George Fisher

Personal information
- Full name: Georgina Inger (Née: Fisher)
- Born: 30 September 1998 (age 27) Hoddesdon, Hertfordshire
- Height: 188 cm (6 ft 2 in)
- Spouse: Brayden Inger
- University: University of Hertfordshire

Netball career
- Playing positions: GS, GA
- Years: Club team / Apps
- 2016: Hertfordshire Mavericks
- 2017–2018: Wasps Netball
- 2019–2020: Saracens Mavericks
- 2021–2024: Southern Steel
- 2025: London Mavericks (TRP / Nxt Gen)
- 2026–present: London Mavericks
- Years: National team / Caps
- 2014-: England / 22

= George Fisher (netball) =

English netball player

Georgina Inger (née Fisher; born 30 September 1998) is an English professional netball player. She plays for London Mavericks NXT Gen team. She was a member of the Wasps Netball team which won the Super League in 2017 and 2018. Fisher represented England in the 2018 Sunshine Series against Jamaica and the 2018 Fast5 Netball World Series in Melbourne.

She was a part of the England netball program at the age of 14, and joined the England under 17 team in 2014.

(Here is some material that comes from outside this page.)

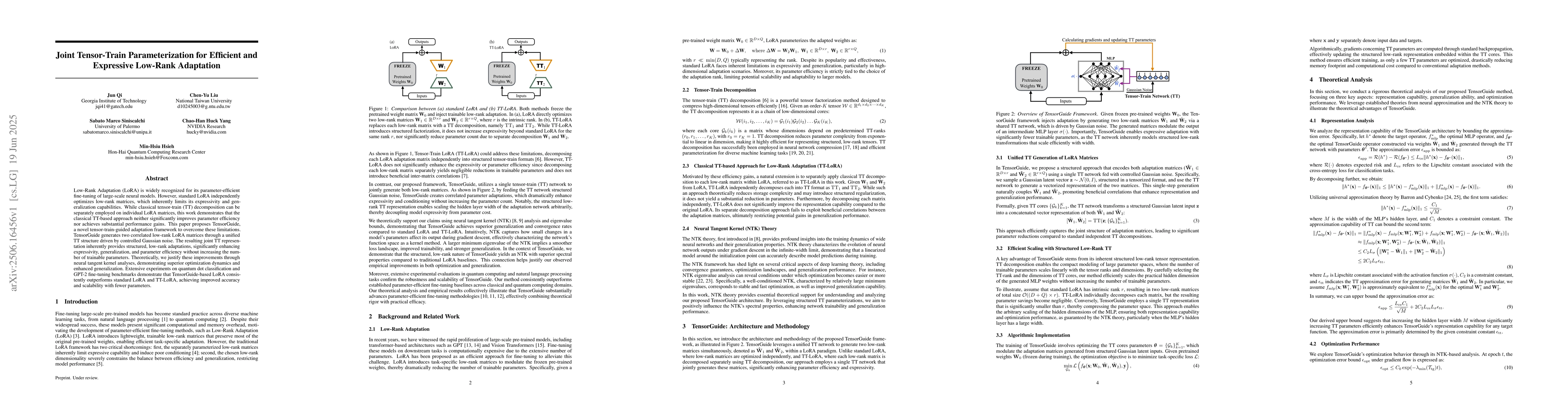 Low-Rank Adaptation (LoRA) is widely recognized for its parameter-efficient fine-tuning of large-scale neural models. However, standard LoRA independently optimizes low-rank matrices, which inherently limits its expressivity and generalization capabilities. While classical tensor-train (TT) decomposition can be separately employed on individual LoRA matrices, this work demonstrates that the classical TT-based approach neither significantly improves parameter efficiency nor achieves substantial performance gains. This paper proposes TensorGuide, a novel tensor-train-guided adaptation framework to overcome these limitations. TensorGuide generates two correlated low-rank LoRA matrices through a unified TT structure driven by controlled Gaussian noise. The resulting joint TT representation inherently provides structured, low-rank adaptations, significantly enhancing expressivity, generalization, and parameter efficiency without increasing the number of trainable parameters. Theoretically, we justify these improvements through neural tangent kernel analyses, demonstrating superior optimization dynamics and enhanced generalization. Extensive experiments on quantum dot classification and GPT-2 fine-tuning benchmarks demonstrate that TensorGuide-based LoRA consistently outperforms standard LoRA and TT-LoRA, achieving improved accuracy and scalability with fewer parameters.

== Early life and education ==
Fisher began playing netball at school when she was 11 before joining Turnford Netball Club. She was also a national swimmer. Fisher studied at the University of Hertfordshire, winning the BUCs national championship in 2018 and 2019.

== Club career ==

=== Hertfordshire Mavericks ===
Fisher begun her netball career in the Mavericks pathway system featuring in the U19 NPL squad. She earned her Super League debut in the 2016 season.

=== Wasps Netball ===
Fisher joined Wasps Netball ahead of their inaugural season in 2017. She won the Netball Super League title in 2017 and again 2018.

=== BenecosMavericks ===
Following 2 Championship winning seasons with Wasps, Fisher returned to Mavericks ahead of the 2019 season.

===Southern Steel ===
In September 2020, Fisher announced that she would be joining Southern Steel for the 2021 ANZ Premiership season. Fishers 2022 season was praised with her 92% shooting accuracy. Ahead of the 2023 season Fisher ruptured her ACL and fractured her knee during a pre-season match. She then required another surgery ahead of the 2024 season, missing out a second season.

=== London Mavericks NXT Gen ===
Fisher joined London Maverick's NXT Gen team ahead of the 2025 season. She made her return to court in March 2025 after over 2 years of injury and in June 2025 returned to the Netball Super League as a temporary replacement player in the round 14 and minor semi final matches against Manchester Thunder.

=== London Mavericks ===
Fisher was promoted in into London Mavericks senior squad for the 2026 season.

==International career==
Fisher was selected into the England Roses U17s at 14 years old. She was a member of the U21 team which competed in the 2017 Netball World Youth Cup in Botswana.

Fisher was one of the 21 players awarded a full time netball contract ahead of the 2019 Netball World Cup.

She was named as a reserve for the 2022 Commonwealth Games.

==Personal life==
Fisher announced her engagement to Southland Sharks player Brayden Inger in September 2022. They married in 2024 and moved back the UK with Inger choosing to play for Hemel Storm.